**Description of the task**:
Repeat the data in full. Drop every picture.

**Supplied material**:
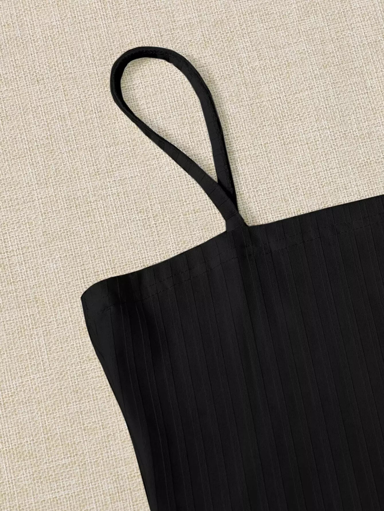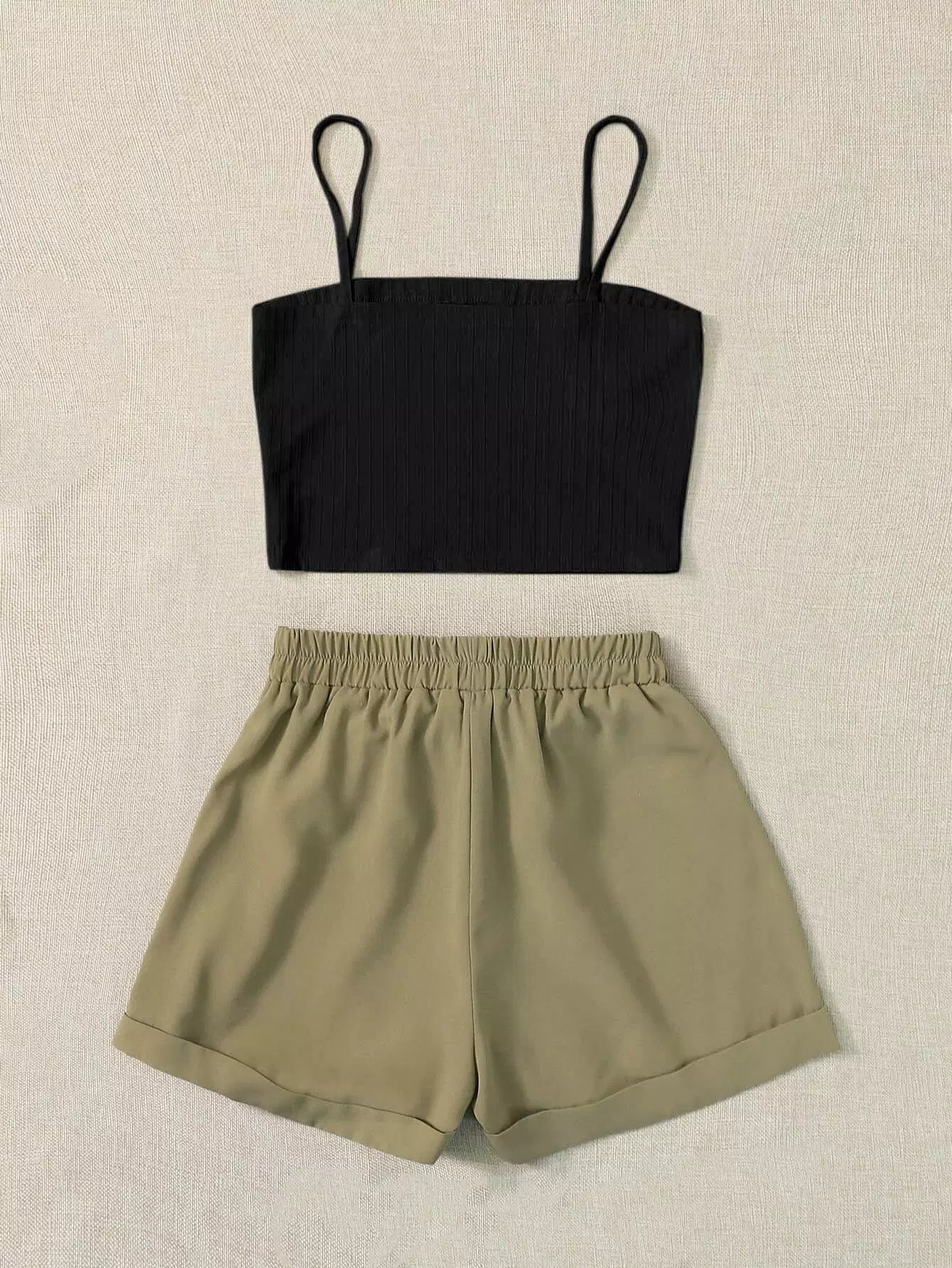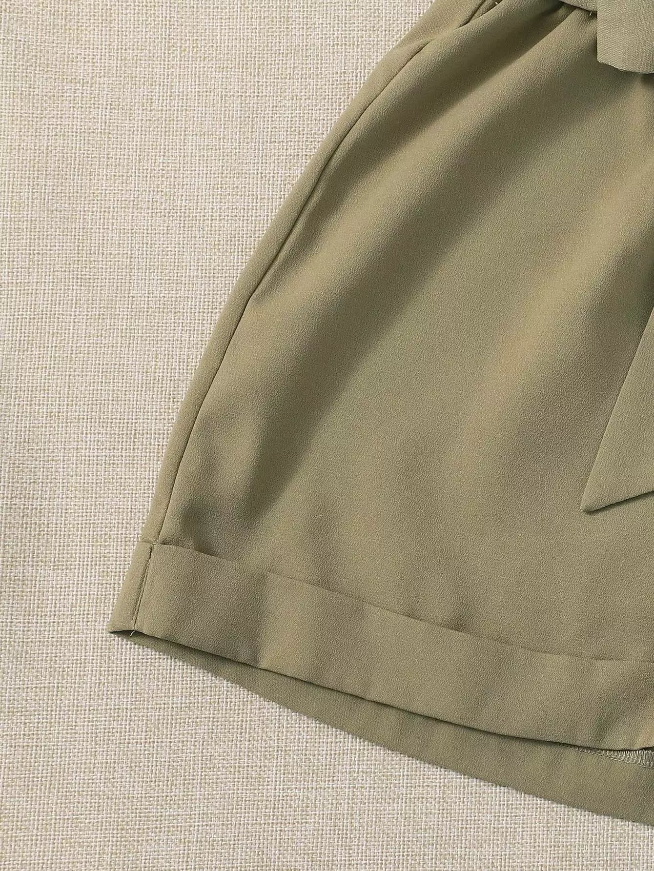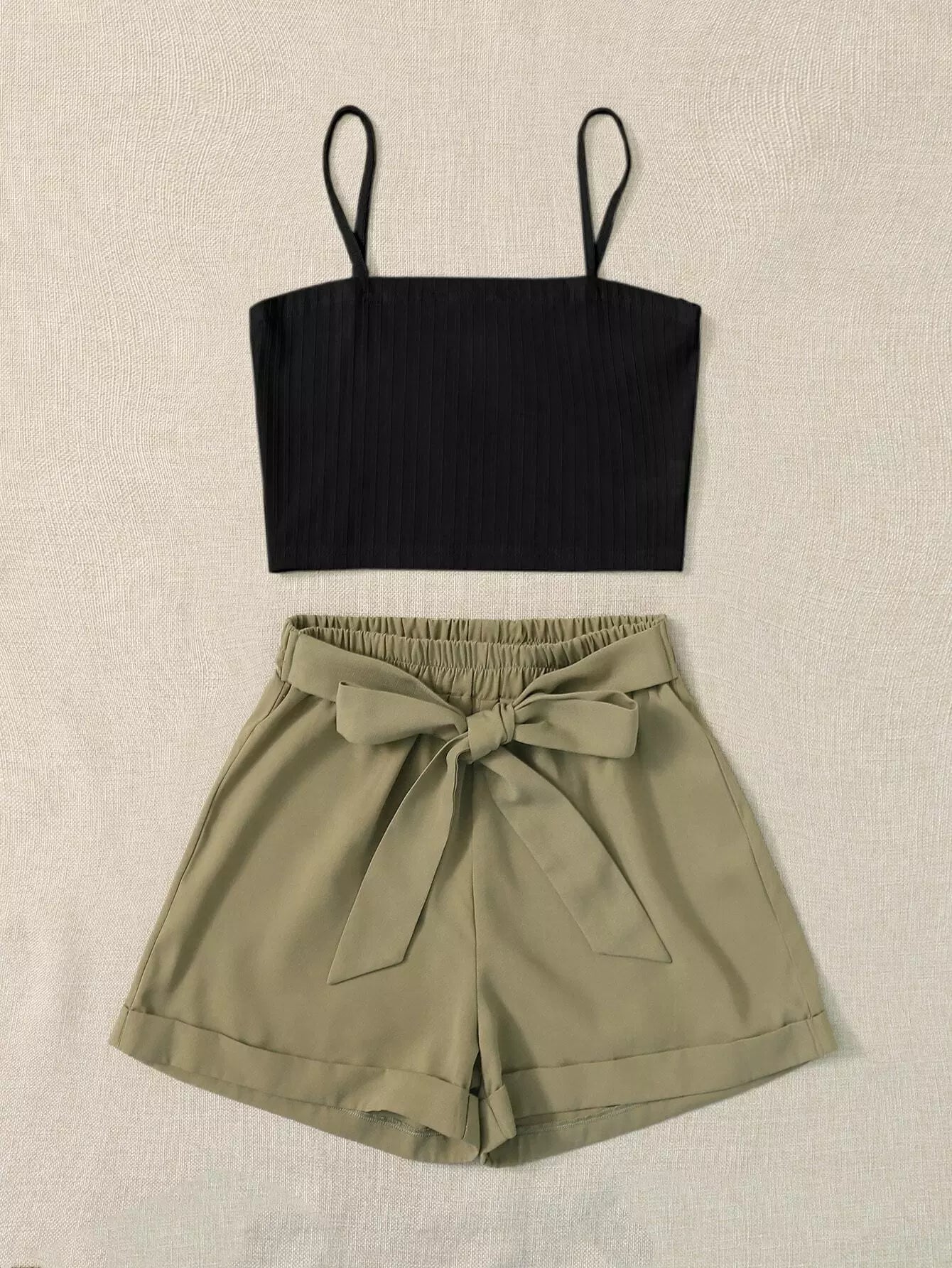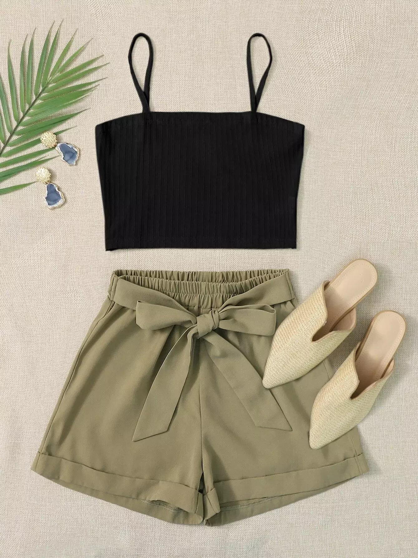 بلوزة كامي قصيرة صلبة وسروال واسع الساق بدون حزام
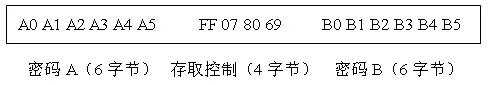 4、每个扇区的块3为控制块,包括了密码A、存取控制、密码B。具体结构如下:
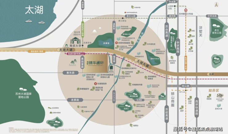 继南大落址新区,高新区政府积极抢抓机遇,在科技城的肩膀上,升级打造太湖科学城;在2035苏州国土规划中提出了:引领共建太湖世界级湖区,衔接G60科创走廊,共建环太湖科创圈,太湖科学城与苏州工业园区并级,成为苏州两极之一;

**Answer box**:
 بلوزة كامي قصيرة صلبة وسروال واسع الساق بدون حزام
 4、每个扇区的块3为控制块,包括了密码A、存取控制、密码B。具体结构如下:
 继南大落址新区,高新区政府积极抢抓机遇,在科技城的肩膀上,升级打造太湖科学城;在2035苏州国土规划中提出了:引领共建太湖世界级湖区,衔接G60科创走廊,共建环太湖科创圈,太湖科学城与苏州工业园区并级,成为苏州两极之一;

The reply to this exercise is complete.